__THE DATA__:

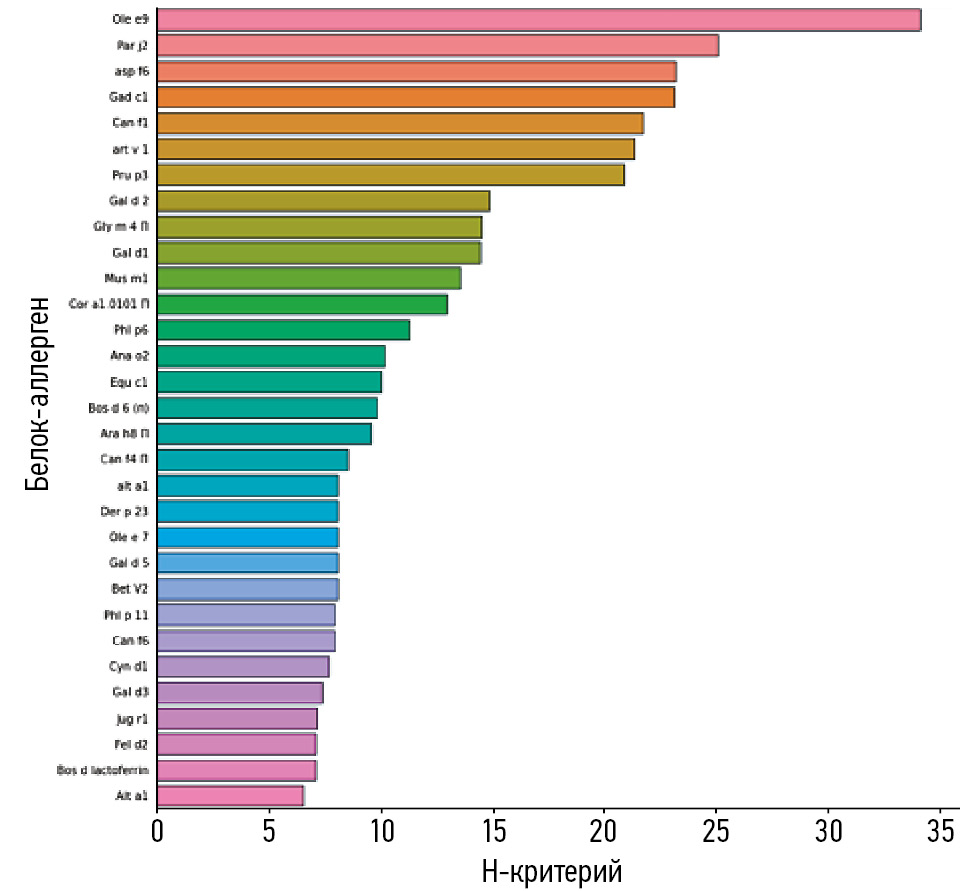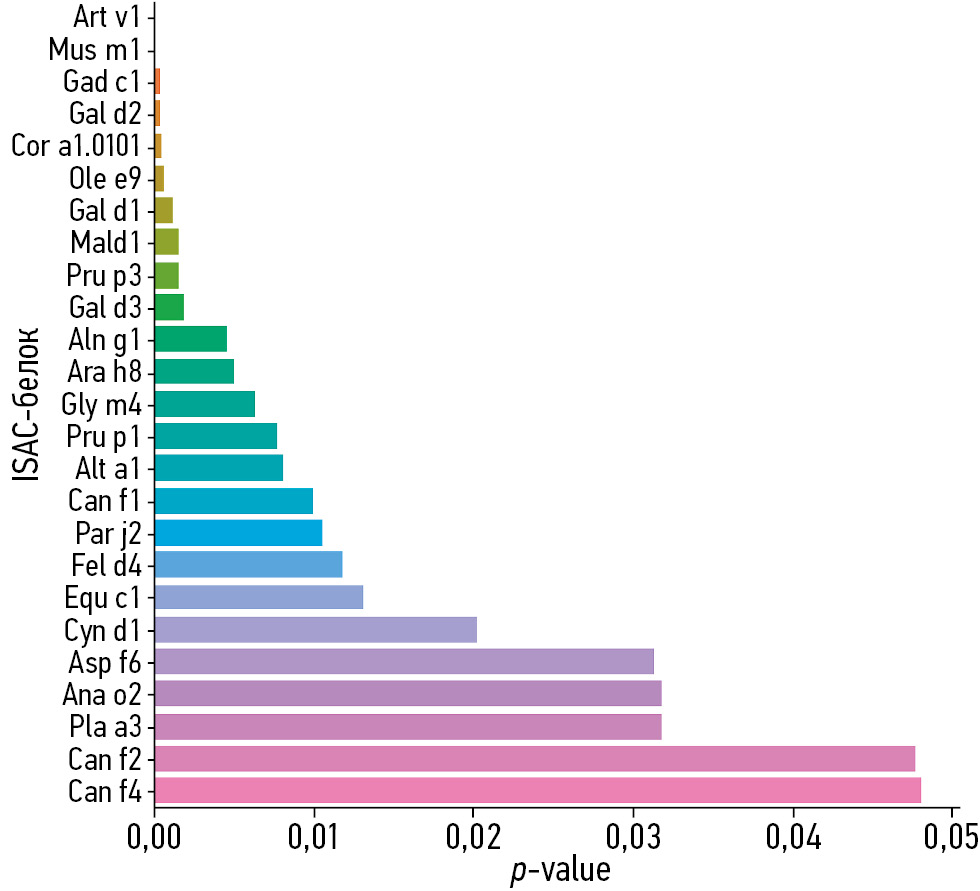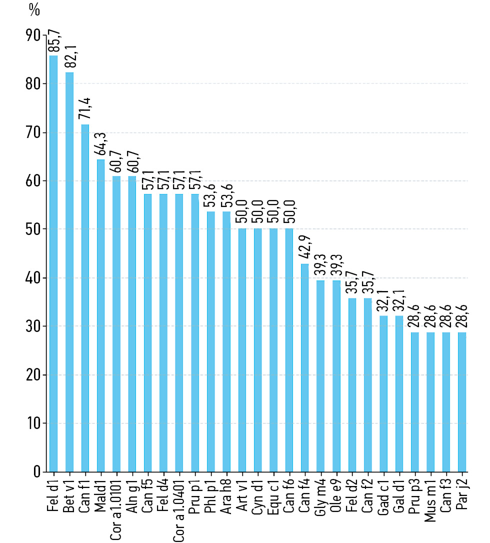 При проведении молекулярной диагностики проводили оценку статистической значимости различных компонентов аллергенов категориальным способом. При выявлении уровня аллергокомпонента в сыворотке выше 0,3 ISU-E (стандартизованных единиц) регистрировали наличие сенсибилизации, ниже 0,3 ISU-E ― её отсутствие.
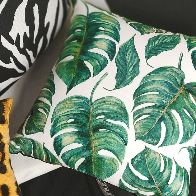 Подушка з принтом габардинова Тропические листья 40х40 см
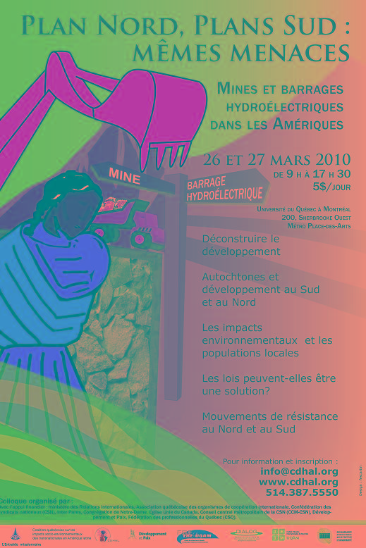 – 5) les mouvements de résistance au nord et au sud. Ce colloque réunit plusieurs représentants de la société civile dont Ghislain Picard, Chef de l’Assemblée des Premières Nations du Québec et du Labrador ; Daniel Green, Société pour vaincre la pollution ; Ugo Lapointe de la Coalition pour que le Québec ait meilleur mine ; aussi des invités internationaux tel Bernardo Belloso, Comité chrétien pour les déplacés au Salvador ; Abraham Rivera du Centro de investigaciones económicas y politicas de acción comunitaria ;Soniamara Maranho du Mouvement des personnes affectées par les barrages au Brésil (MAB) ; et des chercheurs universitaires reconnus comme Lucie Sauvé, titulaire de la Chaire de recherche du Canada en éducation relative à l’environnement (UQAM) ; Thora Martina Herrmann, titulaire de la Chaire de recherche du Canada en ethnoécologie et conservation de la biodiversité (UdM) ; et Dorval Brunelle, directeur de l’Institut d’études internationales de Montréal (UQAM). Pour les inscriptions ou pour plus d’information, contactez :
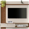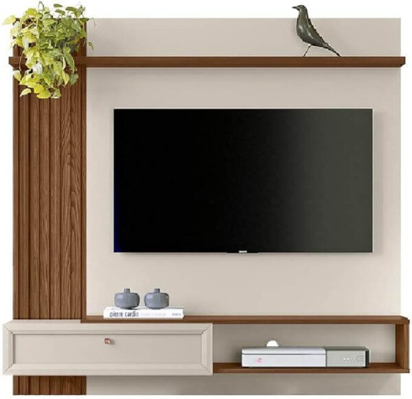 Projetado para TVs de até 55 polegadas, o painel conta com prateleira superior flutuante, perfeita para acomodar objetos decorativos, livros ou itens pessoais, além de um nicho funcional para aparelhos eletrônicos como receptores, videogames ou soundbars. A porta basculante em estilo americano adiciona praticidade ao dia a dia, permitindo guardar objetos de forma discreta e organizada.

__GOAL OF THE EXERCISE__:
No pictures belong in the copy. Repeat the listing above exactly.

__ANSWER SPACE__:
 При проведении молекулярной диагностики проводили оценку статистической значимости различных компонентов аллергенов категориальным способом. При выявлении уровня аллергокомпонента в сыворотке выше 0,3 ISU-E (стандартизованных единиц) регистрировали наличие сенсибилизации, ниже 0,3 ISU-E ― её отсутствие.
 Подушка з принтом габардинова Тропические листья 40х40 см
 – 5) les mouvements de résistance au nord et au sud. Ce colloque réunit plusieurs représentants de la société civile dont Ghislain Picard, Chef de l’Assemblée des Premières Nations du Québec et du Labrador ; Daniel Green, Société pour vaincre la pollution ; Ugo Lapointe de la Coalition pour que le Québec ait meilleur mine ; aussi des invités internationaux tel Bernardo Belloso, Comité chrétien pour les déplacés au Salvador ; Abraham Rivera du Centro de investigaciones económicas y politicas de acción comunitaria ;Soniamara Maranho du Mouvement des personnes affectées par les barrages au Brésil (MAB) ; et des chercheurs universitaires reconnus comme Lucie Sauvé, titulaire de la Chaire de recherche du Canada en éducation relative à l’environnement (UQAM) ; Thora Martina Herrmann, titulaire de la Chaire de recherche du Canada en ethnoécologie et conservation de la biodiversité (UdM) ; et Dorval Brunelle, directeur de l’Institut d’études internationales de Montréal (UQAM). Pour les inscriptions ou pour plus d’information, contactez :
 Projetado para TVs de até 55 polegadas, o painel conta com prateleira superior flutuante, perfeita para acomodar objetos decorativos, livros ou itens pessoais, além de um nicho funcional para aparelhos eletrônicos como receptores, videogames ou soundbars. A porta basculante em estilo americano adiciona praticidade ao dia a dia, permitindo guardar objetos de forma discreta e organizada.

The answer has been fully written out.